Юный барон, заспавшийся до того, что вихор у него торчал в другую сторону, выбрал пустующий стол. Впрочем, никто из пришедших раньше не показал, что зовет подсесть к его столику. Дюпре поморщился от вида салата, который терпеть не мог с детства, и попросил заменить чем-то более нормальным: свежими устрицами или холодной лососиной. Однако, узнав горькую правду, спорить не стал, а принялся жевать лист салата, по-заячьи мелко шевеля губами. Граве был совершенно уверен, что забытое не имеет к нему никакого отношения. Почему он был так уверен, и сам сказать бы не мог, но барона он мысленно вычеркнул из списка подозреваемых.

Бутовский появился с Женечкой, верный Чичеров следовал за ними. Он один пожелал приятного аппетита, раскланялся с каждым и пропустил племянницу к окну. Чичеров предложил сбегать за меню, но официант опередил. Три одинаковые тарелки оказались перед ними. Генерал удивился такому изобилию блюд, на что получил разъяснение: обед составлен по расписанию спортивного меню. Далее последует диетический бульон, после чего отварная рыба с гречневой кашей, на десерт — свежие фрукты, и никакого сладкого и мучного. Бутовскому оставалось только признать железную логику. Хотя он с большим бы удовольствием послал ее куда подальше. Женечка отнеслась к отсутствию выбора с полным спокойствием. И принялась за зелень, часто промакивая губы. Только Чичеров издал несколько возмущенных возгласов, но и он быстро истощился. Граве никак не мог отвести взгляд от этой троицы. Что-то привлекало его в… Женечке. Он еще не мог точно сказать, откуда взялось это чувство, ничего конкретного на ум не приходило. Но ему показалось, что разгадка где-то рядом с ней. Еще немного, и поймает ее за хитрый хвостик. Но его отвлекли.

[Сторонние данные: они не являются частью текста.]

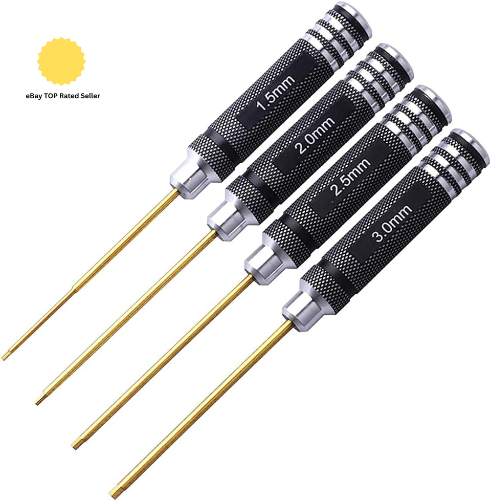 MMOBIEL Hex Screw Driver Set for RC Tools - Hexagon Screwdriver Set for RC Car, Boat, Quidcopter, Helicopter and More - 4 Pcs 1.5/2 / 2.5/3 mm Titanium Hexagon Screwdriver Kit
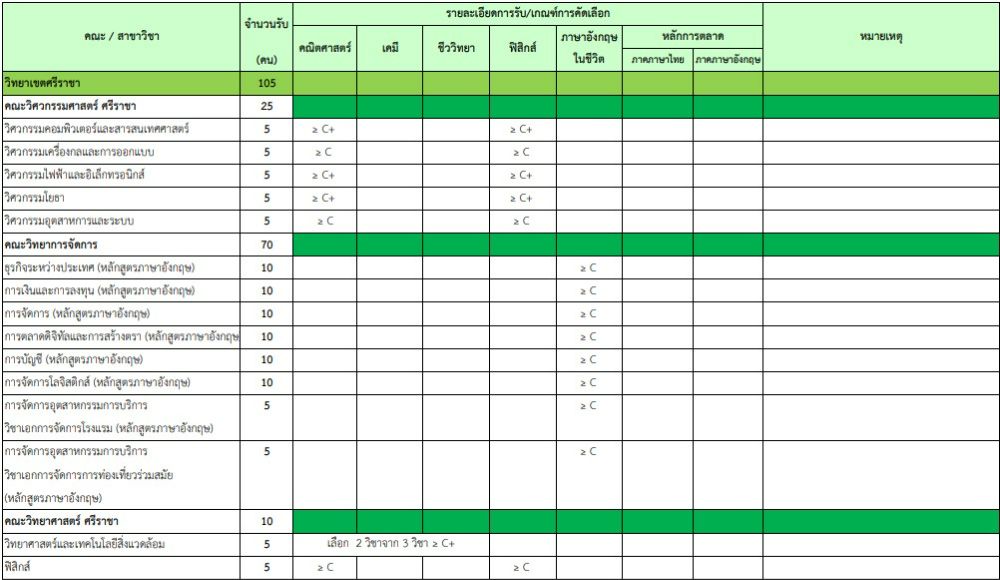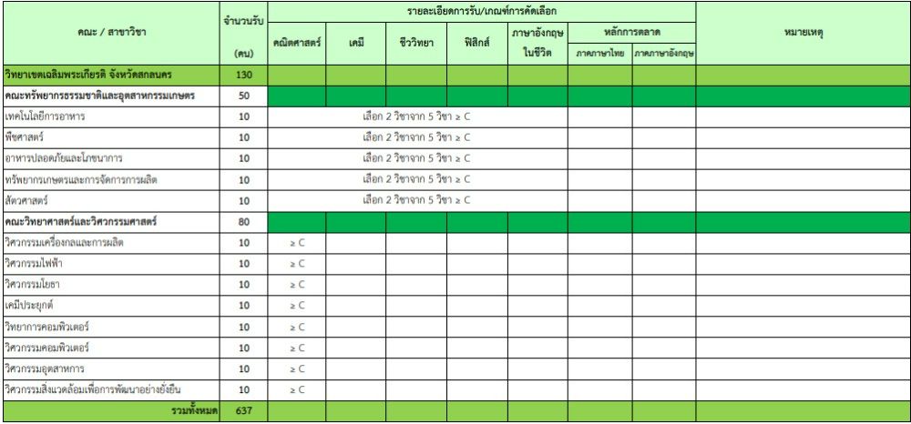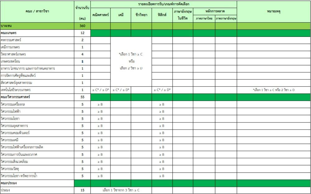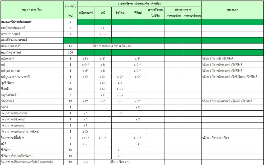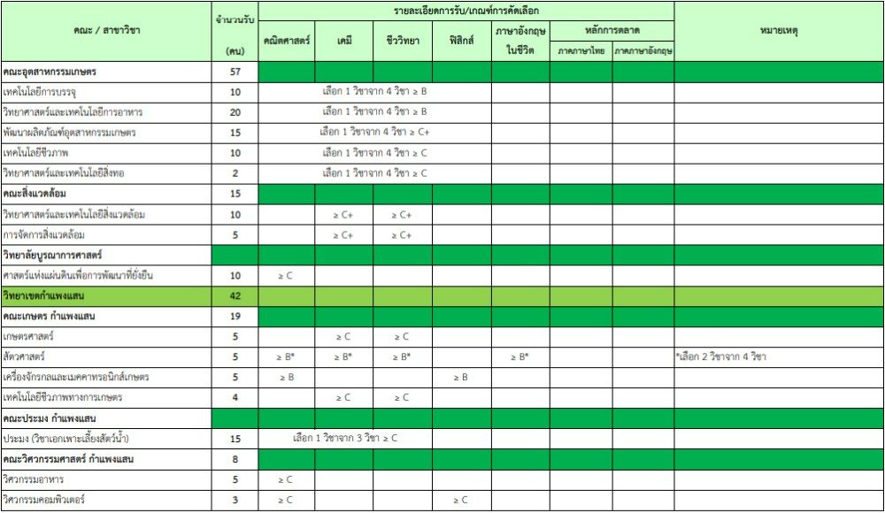 - เปิดรับคณะเกษตร, คณะวิทยาศาสตร์, คณะวิศวกรรมศาสตร์, คณะเศรษฐศาสตร์, คณะอุตสาหกรรมเกษตร, คณะมนุษยศาสตร์, คณะบริหารธุรกิจ

Тяжелой походкой старого пирата, опираясь на костыль, в зале появился Лидваль. Он был застегнут на все пуговицы, чрезвычайно печален, но нес свою печаль так, чтобы она была заметна всем и то, как мужественно он с ней справляется. Каждый шаг давался ему с видимым трудом, он закидывал ногу вперед и долго волочил за собой другую. Ни звука не слетело с его мужественно сжатых губ. Но всякому должно быть понятно: Лидваль страдал с достоинством. Патетическую минуту испортил Урусов. Он засмеялся самым неприличным образом, и так его проняло, что он едва не подавился смехом. Очень вовремя официанты разлили воду по бокалам.

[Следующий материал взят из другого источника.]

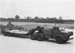 At this time, the intention was that the even heavier Conqueror tank would be transported by a whole new transporter of equally large capacity, the Leyland FV 1000.[4] This was 2 feet (61 cm) wider than the Antar, as the Antar had in turn been 2 feet (61 cm) wider than the Diamond T. They were to be equipped with a semi-trailer of 60 tons capacity, given the design number FV 3301. This design was ungainly and top-heavy when loaded, being high at the rear to clear the wheels and sloping downwards towards the front to better place the weight of the load.
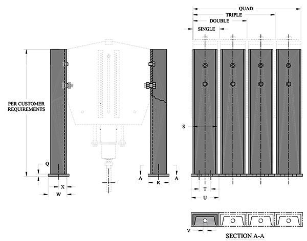 Single Unit Assembly | Double Unit Assembly | Triple Unit Assembly | Quadruple Unit Assembly | Supporting Channel Size | Q | R | S | U | V | T | W | X |
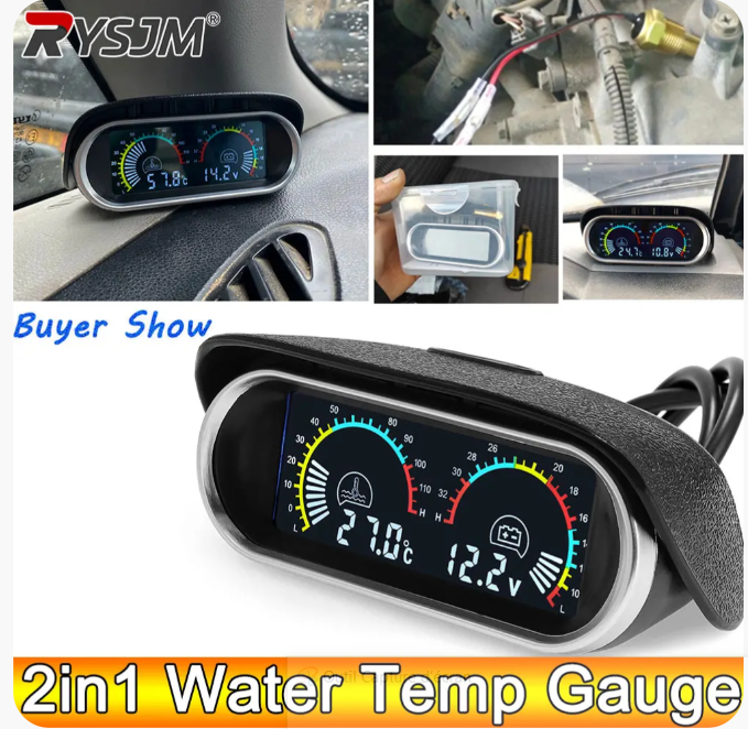 جهاز قياس 2 في 1 (حرارة ماء المحرك + فولتية البطارية)
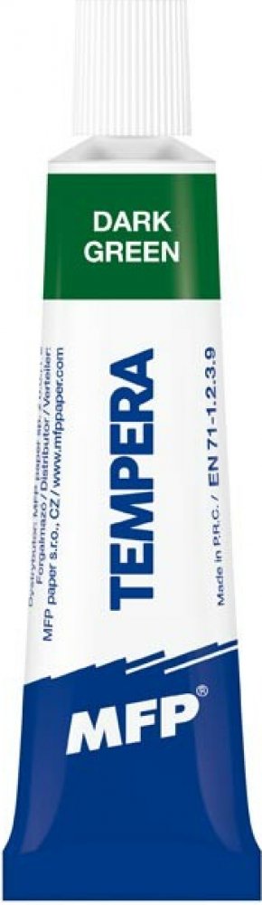 Temperová barva MFP kusová - tmavě zelená. Namalujte si s dětmi obrázek pomocí temperových barev, které vynikají jasnou barevností. Děti můžou malovat štětcem, ale i prsty.- vysoké krycí vlastnosti- žádné toxické látky- pro školní a hobby použití- tempera je v hliníkové tuběBarva: černáObsah barvy v jedné tubě: 12 mlVAROVÁNÍ:Nevhodné pro děti do 3 let. Nebezpečí spolknutí malých částí.EN71 - 1,2,3...
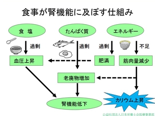 食事が腎機能に及ぼす仕組み、ステージ別食事療法、CKDの進行過程と栄養基準などを図解でわかりやすく紹介しています。
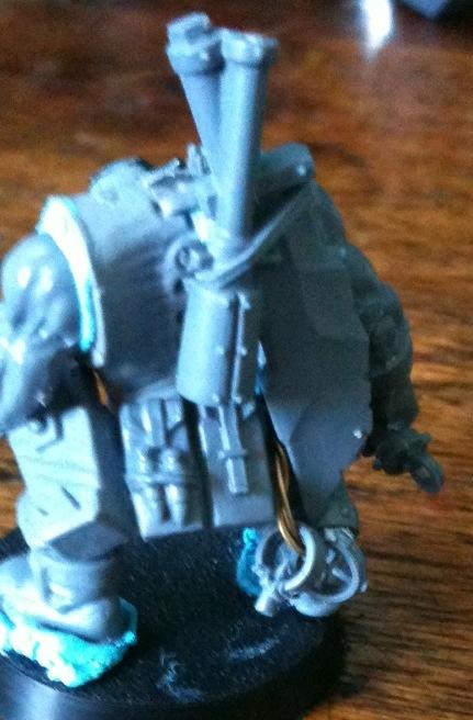 If it's unclear what he's holding in his right hand it's a Tryanid skull. His good luck charm I suppose.
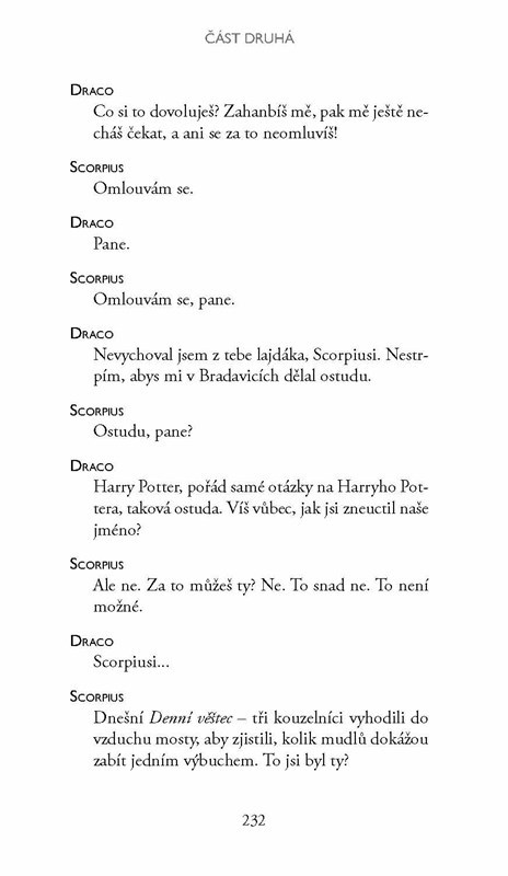 Harry Potter to nikdy neměl snadné a teď, jako otec, manžel a přepracovaný zaměstnanec Ministerstva kouzel, to má ještě těžší. Potýká se s minulostí, která nechce zůstat tam, kam patří, a jeho nejmladší syn Albus se musí prát s tíhou rodinného dědictví, o které nikdy nestál. Minulost a současnost se čím dál hrozivěji prolínají a otec i syn zjišťují nepříjemnou pravdu: temnota někdy vyvěrá z nečekaných míst.

— Друг мой, что случилось?! — спросил Бутовский.

— Упал с дивана, — ответил Лидваль так, словно совершил подвиг. — Кость сломана, я не смогу выйти на забег…

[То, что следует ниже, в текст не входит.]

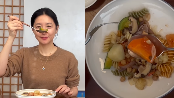 영상 속 그녀의 식탁에는 토마토·애호박·당근을 넣은 채소 파스타, 삶은 달걀, 그리고 사과에 땅콩버터를 발라 놓은 접시가 보였어요. "역시 이영애답다"는 댓글이 쏟아졌죠.
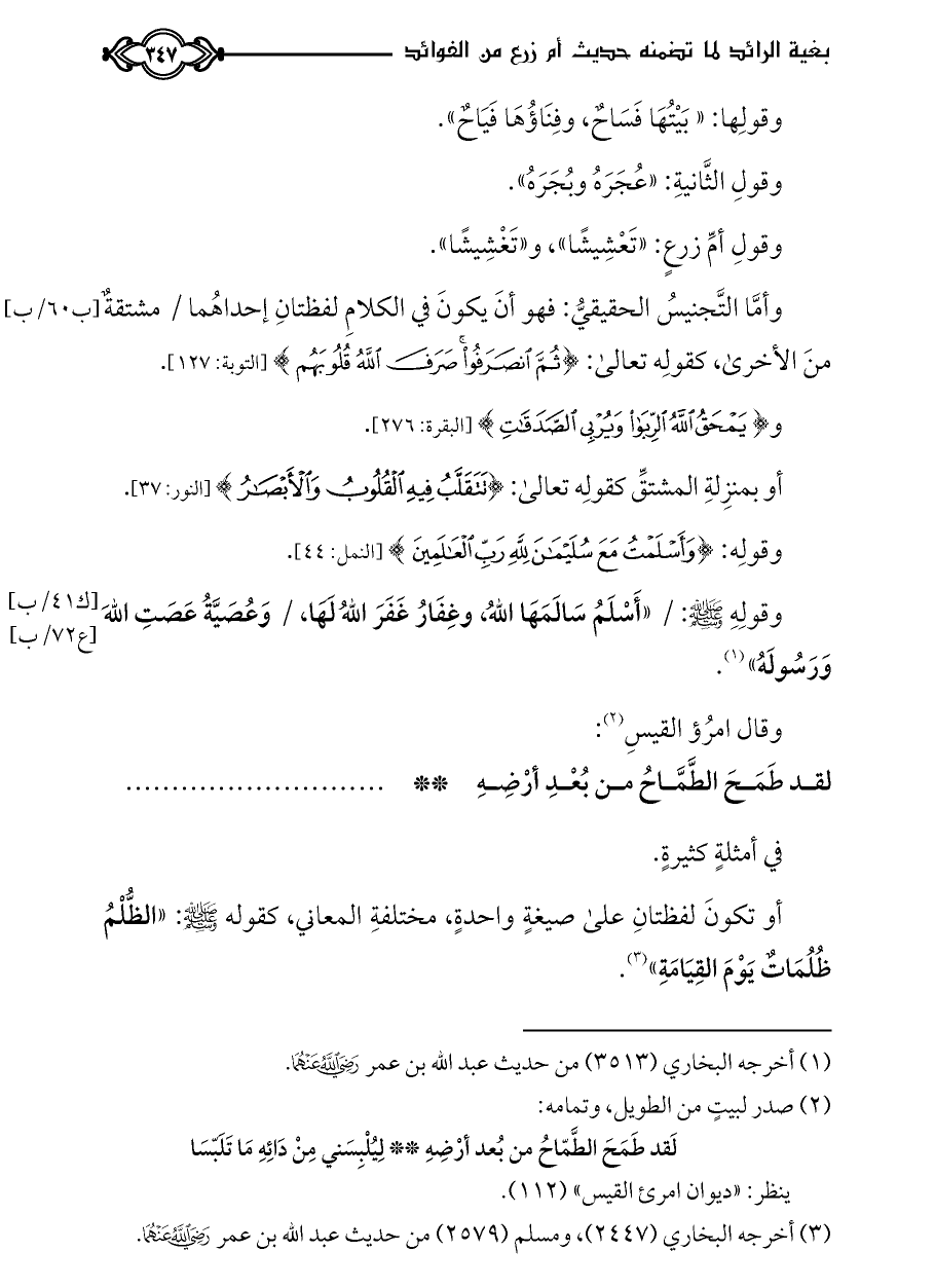 أو تكونَ لفظتانِ على صيغةٍ واحدةٍ، مختلفةِ المعاني، كقوله - صلى الله عليه وسلم -: «الظُّلْمُ ظُلُمَاتٌ يَوْمَ القِيَامَةِ» (¬٣).
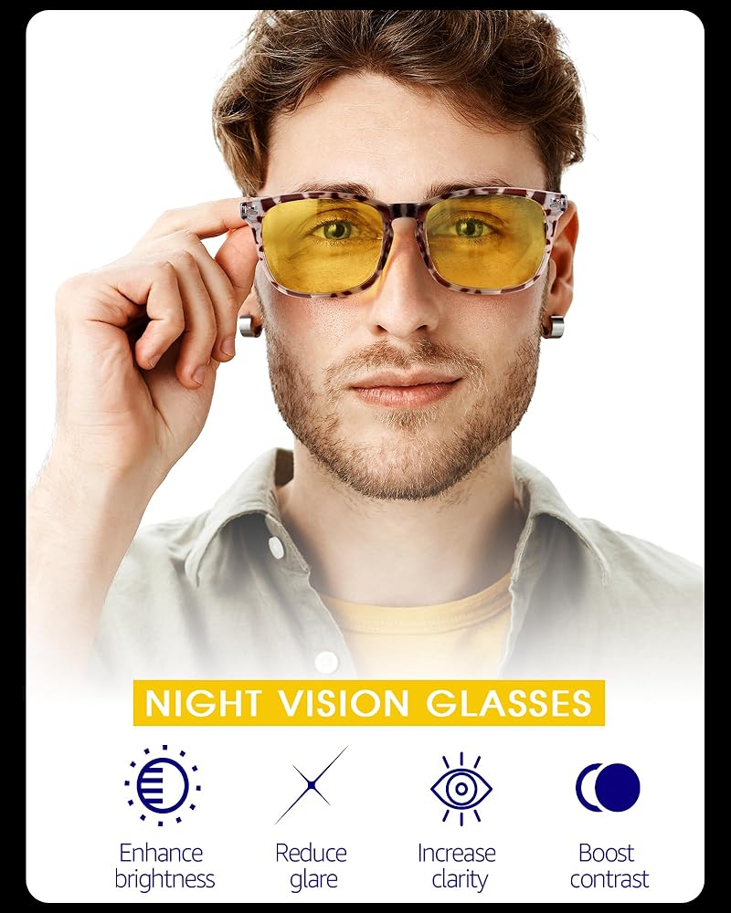 نظارات القيادة الأساسية: نظارات الرؤية الليلية TJUTR هي الخيار الأمثل لأي شخص يريد البقاء آمنًا بينما يبدو جيدًا على الطريق. سواء كنت تقود في الليل أو الضباب أو في يوم ممطر، فإن هذه النظارات ستوفر لك الحماية والأناقة التي تحتاجها للبقاء واثقًا ومرتاحًا خلف عجلة القيادة.
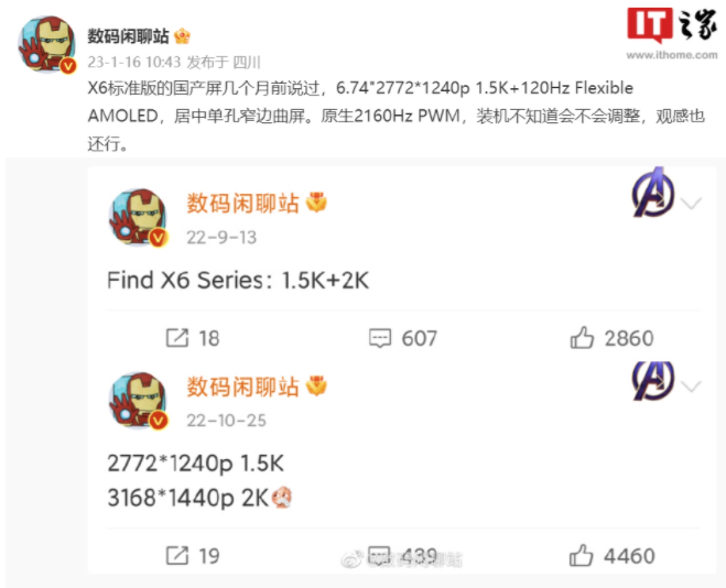 1 月 16 日消息,據(jù)數(shù)碼博主 @數(shù)碼閑聊站 爆料,OPPO Find X6 標(biāo)準(zhǔn)版采用 6.74 英寸 1.5K 國產(chǎn)屏,擁有 2772×1240 分辨率。

— Какое несчастье, — только и мог сказать генерал.

— Ничего! Не беда! Выстоим! Я! На замену! Не посрамим! Честь! Справлюсь!

Чичеров уже был хоть сейчас готов на старт. Бутовский печально улыбнулся ему и предложил обсудить это после. Паша немедленно согласился и накинулся на салат.

Граве пытался сообразить, похож ли Лидваль на то, что должно вернуть ему воспоминание, но отчаянно мешал костыль Лидваля. В этих мыслях он не заметил самого главного.

— Господа!

Граве взглянул, и вилка с куском огурца застыла, не попав в рот. Было от чего прийти в недоумение. В зале как будто засверкало солнце. Облегающее платье переливалось миллиардом блесток. Но куда сильней хрустальных отражений слепило тело, которое было столь прекрасным, столь доступным и соблазнительным, что смотреть на него не было никаких сил. Материю почти везде заменяли игривые искорки. Платье было настолько вызывающим, что надеть его на публику решилась бы редкая дама. Оно предназначалось для глаз любовника, но никак не для выхода в свет. В уюте спальни, где можно не думать о приличиях, а только возбуждать все более сильное желание. Липа была шокирующее хороша. Урусов не заметил, как посадил на брюки жирную каплю масла. Но кому до этих мелочей было дело, когда на обед явилась сама царица соблазнов.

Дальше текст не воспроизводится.